Material provided –
'''

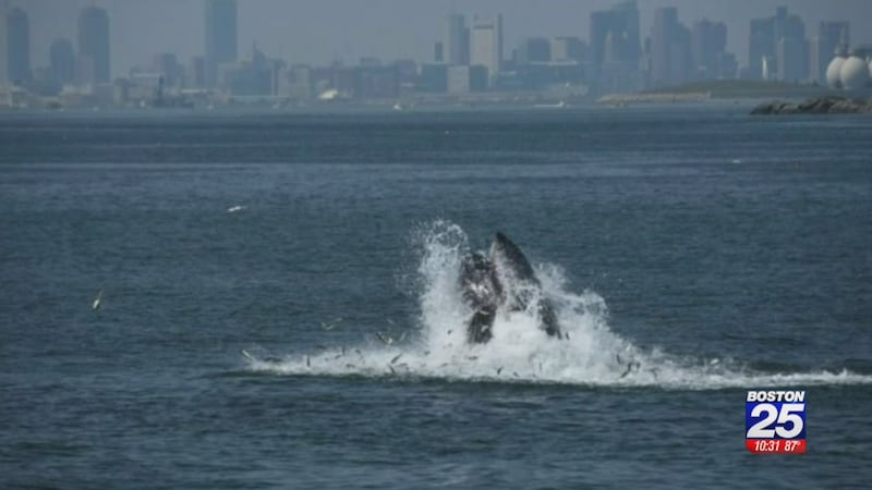 BOSTON, Mass. — A humpback whale was spotted eating fish in Boston Harbor on Tuesday.
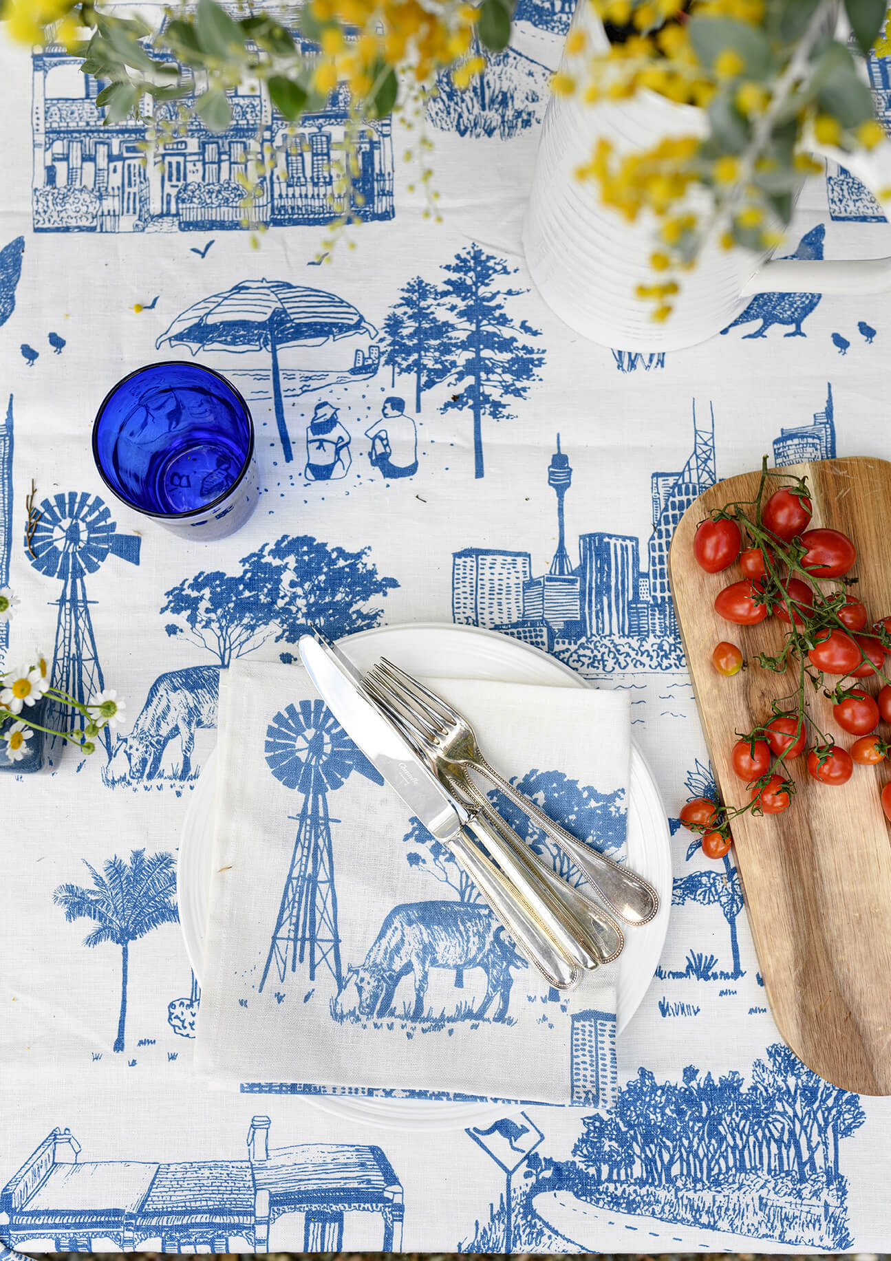 'Bush and the Big smoke' - Toile like scenes telling my story growing up between the bush and the big smoke, and enjoying the best of both worlds. Wheat, windmills and long road trips mixed in with city office towers, terrace houses and the beach. I feel this is a story shared by many Australians.
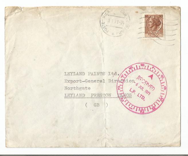 Italy to England 1971 Cover with Special Clock Type Stamping (Seal) – Rare Collectable

'''

What is needed – Would you copy out the material above exactly, without the pictures in it?

Task response –
 BOSTON, Mass. — A humpback whale was spotted eating fish in Boston Harbor on Tuesday.
 'Bush and the Big smoke' - Toile like scenes telling my story growing up between the bush and the big smoke, and enjoying the best of both worlds. Wheat, windmills and long road trips mixed in with city office towers, terrace houses and the beach. I feel this is a story shared by many Australians.
 Italy to England 1971 Cover with Special Clock Type Stamping (Seal) – Rare Collectable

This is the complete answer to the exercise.